Di Mata Generasi Muda: Antara Cinta, Jarak, dan Lupa
Namun, bagaimana Aceh dilihat oleh generasi muda hari ini? Banyak yang mulai jauh dari akar sejarah, buta akan makna perjuangan, dan lebih akrab dengan game daring daripada dengan kitab kuning. Sebagian besar pemuda kita kini mengagungkan konten viral daripada meneladani ulama dan syuhada. Di warkop-warkop Aceh, lebih banyak perbincangan soal taruhan bola ketimbang diskusi tentang masa depan Aceh.

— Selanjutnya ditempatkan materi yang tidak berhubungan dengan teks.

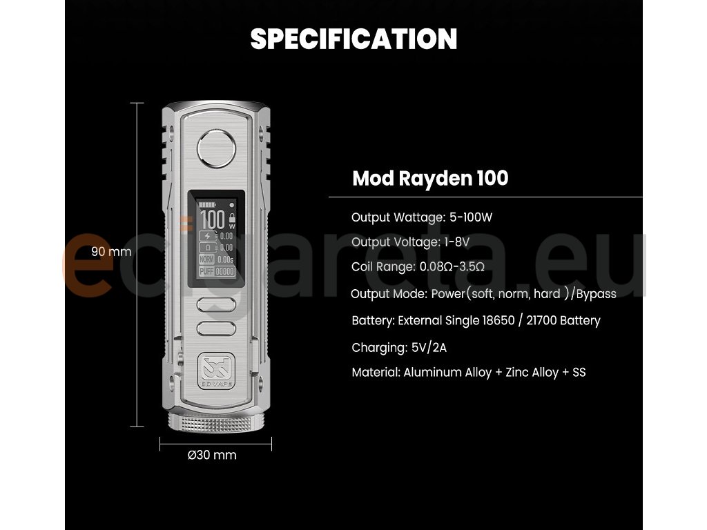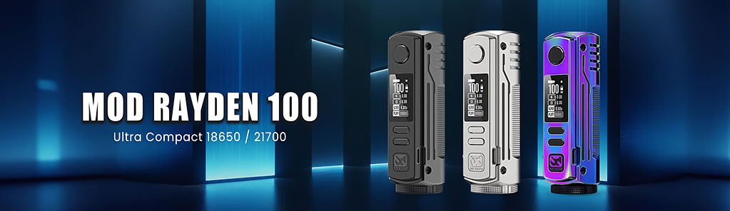 Rayden nabízí variabilní výkon 5-100W s režimy soft, normal a hard pro různé styly žhavení. Podpora odporů 0,08-3,5 ohmu umožňuje širokou kompatibilitu s atomizéry.

Apakah ini bentuk kegagalan pendidikan sejarah kita? Atau karena sistem sosial yang kurang memberi tempat pada identitas kolektif Aceh dalam kurikulum dan ruang publik?
Menghidupkan Kembali Dôya Itu: Jalan Panjang Kesadaran
Agar Aceh kembali menjadi "mata dôya", generasi muda harus dipanggil untuk menyadari jati dirinya. Mereka perlu kembali dikenalkan dengan tokoh-tokoh besar Aceh seperti Sultan Iskandar Muda, Pocut Meurah Intan, Cut Nyak Dhien, Tgk. Chik di Tiro, Abuya Muda Waly, dan sederet nama besar lainnya.
Perlu ada transformasi digital sejarah Aceh — mengenalkan kisah-kisah perjuangan lewat konten kreatif, film dokumenter, podcast, hingga forum-forum anak muda yang menghidupkan diskusi sejarah. Jika generasi muda tidak disentuh dengan narasi inspiratif, maka narasi lain akan mencuri kesadaran mereka.
Antara Kearifan Lokal dan Era Digital
Aceh tak boleh hanya jadi romantisme masa lalu. Ia harus dibawa hidup ke masa kini. Dalam dunia yang serba digital, generasi muda Aceh justru punya potensi luar biasa untuk menyebarkan nilai-nilai luhur Aceh ke dunia. Identitas Aceh yang islami, berbudaya, dan kritis bisa menjadi kekuatan soft diplomacy.
Kita butuh gerakan pemuda yang melek sejarah, mencintai kampung halamannya, dan mampu berpikir global. Kita butuh pemuda yang bisa memimpin perubahan, bukan sekadar jadi pengikut tren. Kita butuh santri digital, pebisnis muda yang bermoral, dan influencer yang menanamkan nilai-nilai kebaikan di jagat maya.
Saatnya Generasi Bangkit Menjadi Mata Dôya Aceh
Aceh bukan sekadar nama. Ia adalah jiwa yang terus hidup dalam denyut sejarah, budaya, dan keyakinan. Generasi muda Aceh hari ini bukan hanya pewaris, tapi juga penjaga dan penentu arah masa depan. Jika mereka kembali menyadari kemuliaan warisan mereka, maka Aceh akan kembali menjadi mata dôya — cahaya yang bukan hanya terang bagi dirinya, tetapi juga bagi nusantara dan dunia.
Mari kita pilih: ingin jadi generasi yang melupakan, atau generasi yang membangkitkan kembali kejayaan?